WTF: Oklahoma court says oral sex is not rape if victim is unconscious from alcohol
We’re almost too stunned to believe it: back in March, an Oklahoma ruled that oral sex is not rape if the victim is unconscious from drinking alcohol.
This specific ruling is based on a 2014 case that alleged that a 17-year-old boy forced a 16-year-old girl to perform oral sex while she was heavily intoxicated. The UK’s Guardian reports that after drinking in the park, the boy drove the girl to her grandmother’s house. From there, she was taken the hospital, where they found the boy’s DNA around her mouth and on the back of her leg.
While the boy claims the girl consented to oral sex, the girl told investigators that she didn’t remember anything after leaving the park. He was charged with forcible sodomy before the court concluded that “forcible sodomy cannot occur where a victim is so intoxicated as to be completely unconscious at the time of the sexual act of oral copulation.”
This may sound unbelievable, but it’s based on a technicality. While the applicable statute lists what constitutes “forcible,” it makes no mention of intoxication, so that could not be taken into consideration in the ruling. “We will not, in order to justify prosecution of a person for an offense, enlarge a statute beyond the fair meaning of its language,” the decision concluded.
The Rape Abuse and Incest National Network (RAINN) defines sexual assault as “sexual contact or behavior that occurs without explicit consent of the victim.” The FBI corroborates this, defining sexual assault as, “penetration, no matter how slight, of the vagina or anus with any body part or object, or oral penetration by a sex organ of another person, without the consent of the victim.”
In both of these definitions, “force” does not make or break sexual assault. However, that seems to be the main sticking point in this Oklahoma case, while it at the same time wholly ignores the role that alcohol often plays in coercive or forcible sex.

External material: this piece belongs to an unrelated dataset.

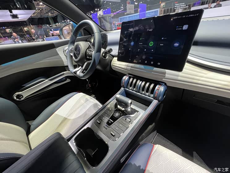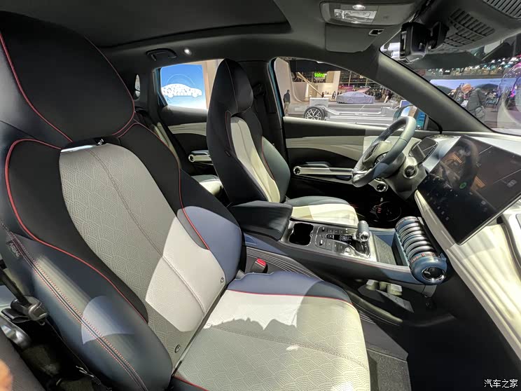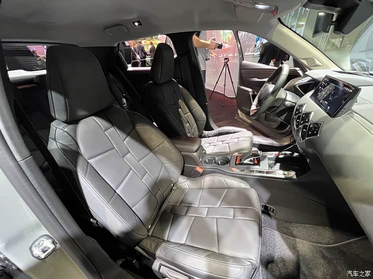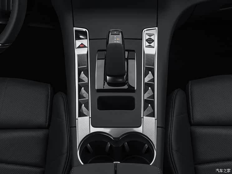 從內飾來看,新車依舊延續瞭燃油版車型的整體設計,但在細節處進行調整。比如取消瞭中央空調出風口下方的觸摸屏,並新增瞭駕駛模式切換旋鈕作為替代,擋把的周邊區域則變化不大。
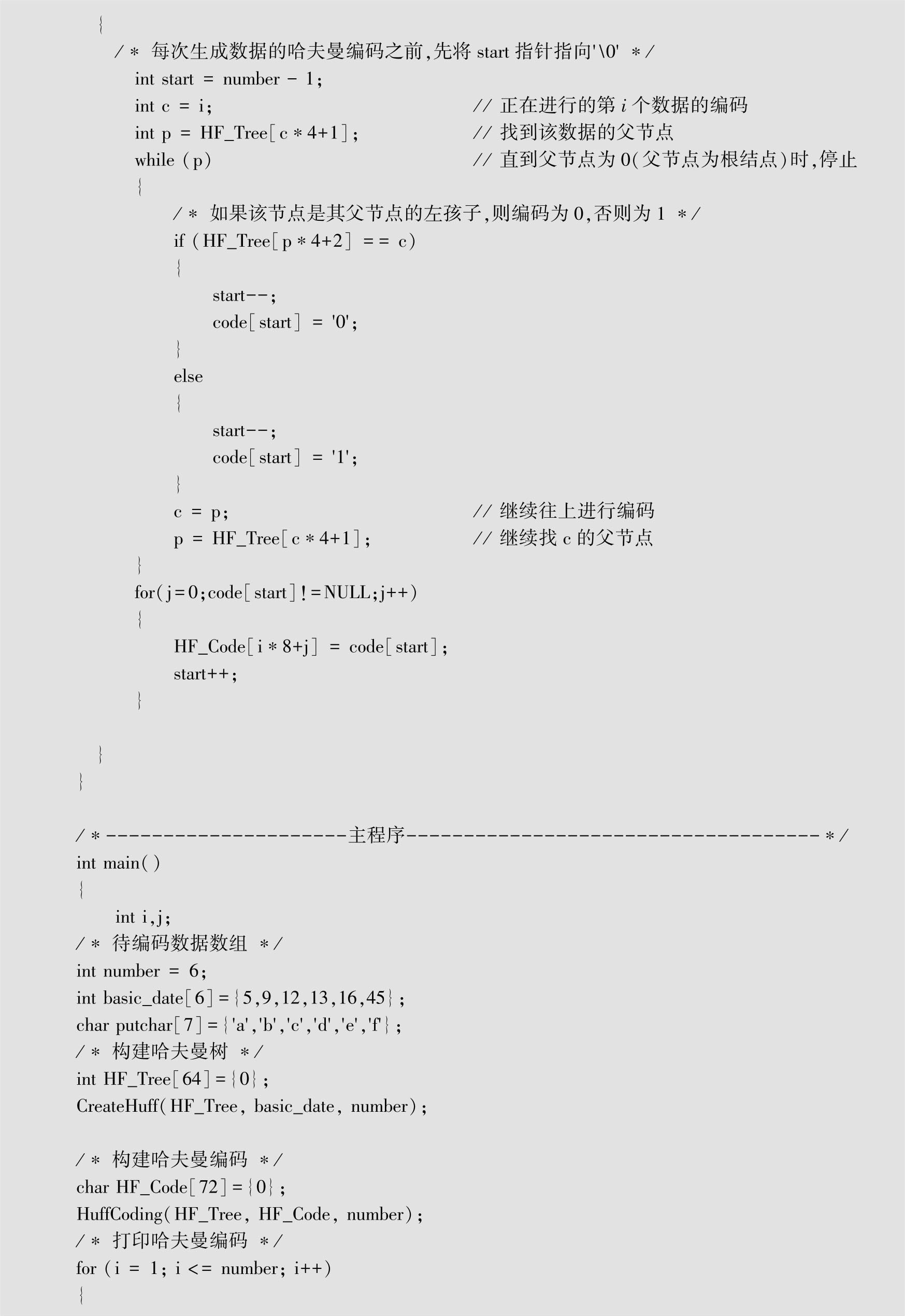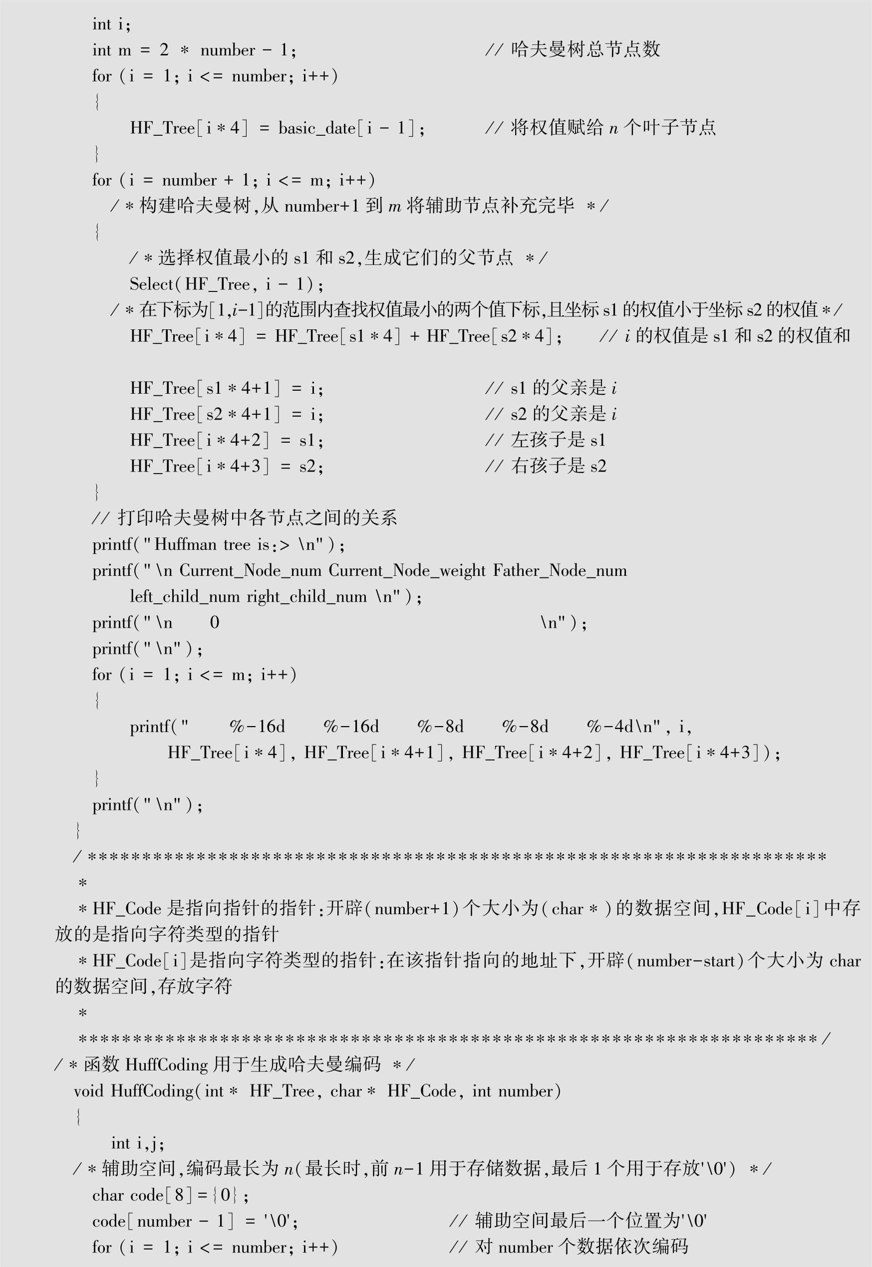 代码清单2-4 实现哈夫曼编码算法的C语言代码

Heavily intoxicated people cannot knowingly give consent to any kind of sex and were this acknowledged in the 2014 case, the 16-year-old victim would have found justice.
Even Benjamin Fu, the Tulsa County district attorney leading the case, told the Guardian that he couldn’t believe the ruling:
“Why is it that having intercourse with someone who is unconscious is clearly illegal, but sodomizing that person is not?” Katharine Baker, a law professor at the Chicago-Kent College of Law, asked when she spoke to Broadly. “The nature of the criminal act here is violating another’s sexual autonomy or integrity without their consent. This [ruling] would suggest that someone could go into [the room of] someone who’s passed out on her bed after going to a party and forcibly sodomize her… and that’s not criminal?”
Others, like Michelle Anderson, the dean of the CUNY School of Law, place the blame on the law. “This is a call for the legislature to change the statute, which is entirely out of step with what other states have done in this area and what Oklahoma should do,” she said to the Guardian. “It creates a huge loophole for sexual abuse that makes no sense.”
The one thing we can agree on: this law needs to change ASAP. We just wish this realization didn’t come at the expense of justice for those who deserve it.